School choice should not be simply taken for granted. The vast majority of Atlantic Canadians living in Nova Scotia, Newfoundland, and Prince Edward Island have only one real choice. Over 95% of all K-12 students in these three provinces are offered only one brand of school, the standard English Public School model. In New Brunswick, some 28% of all students attend Francophone schools, but their curriculum and program are, with a few exceptions, a French mirror image of the Anglophone version.

Atlantic Canada is, putting it bluntly, a “take it or leave it” public system where only more affluent families have an alternative, the odd private independent school and homeschooling, enrolling from 1 per cent to 3 per cent of the total student population. About 2,600 First Nations students in Nova Scotia (2.1%) do attend very small Mi’kmaw Education Authority (MK) schools in 13 different native communities. Fewer than 250 Nova Scotia students receive tax support to attend special schools for kids with severe learning disabilities.

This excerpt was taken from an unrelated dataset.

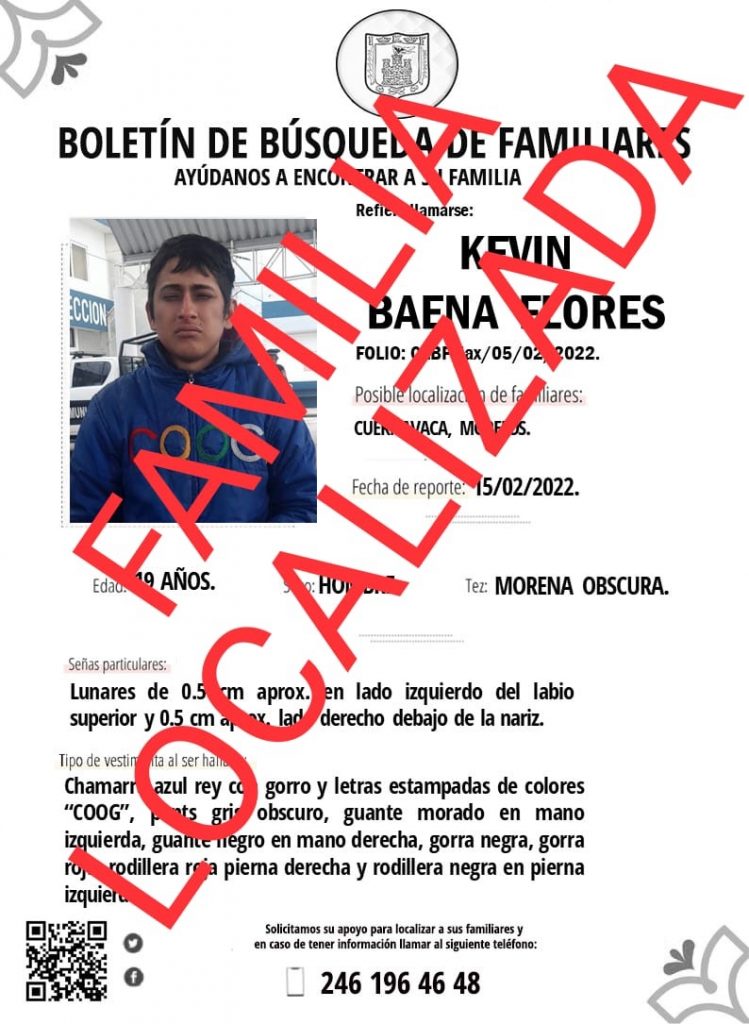 Siguiendo los protocolos de búsqueda, las autoridades municipales establecieron contacto con los familiares de Kevin N. para hacerles saber que se encontraba en las instalaciones de la Dirección de Seguridad de Huamantla.

Public fears about charter schools in Alberta are fueled by defenders of the existing educational order— and appear to be not only irrational but unfounded. Under that province’s  1993 Charter School law, the numbers of publicly-funded charters are limited (to 15) and enrollments are capped, Introducing charter schools in the mid-1990s hardly proved destabilizing because the flow was restricted and only 1% of the student population were able choose them.

Giving parents and students more school choices and more variety in terms of alternative programs would not be ‘the end of the world.’  Students and parents in Canada’s largest urban school systems like Toronto, Edmonton and Vancouver, already have many school choice options and have “open school boundaries” allowing students to attend schools of their own choice.  School district “boundary reviews” provoke an intense public outcry for good reason – the school board is dictating where your children are going to attend school.

School choice is gradually emerging as a fundamental human right for students and families. Choosing the best school for your child should not be so difficult or next-to-impossible without significant financial means. School systems benefit from being more open and responsive to a wider range of student needs and aspirations. Safeguards do need to be built-in to prevent a mass exodus and to provide some recourse in the case of under-performing schools.

Putting a stop to the removal of non-Catholics who have chosen to exercise their option of choosing an alternative to the ‘one-size-fits-all’ system is not only defensible, it’s advisable, especially in Saskatchewan. One can only hope that it derails any movement to further restrict parental choice in education.

What’s causing all the ruckus over the Saskatchewan separate school question?  Who gains when provinces move to “one big English language system” for all? How fundamental is the right to parental choice in Saskatchewan as well as Alberta and Ontario?  Should non-Catholics continue to have free, unimpeded access to Catholic separate schools?  Wherein lies the danger of broadening the range of choice in our provincial school systems?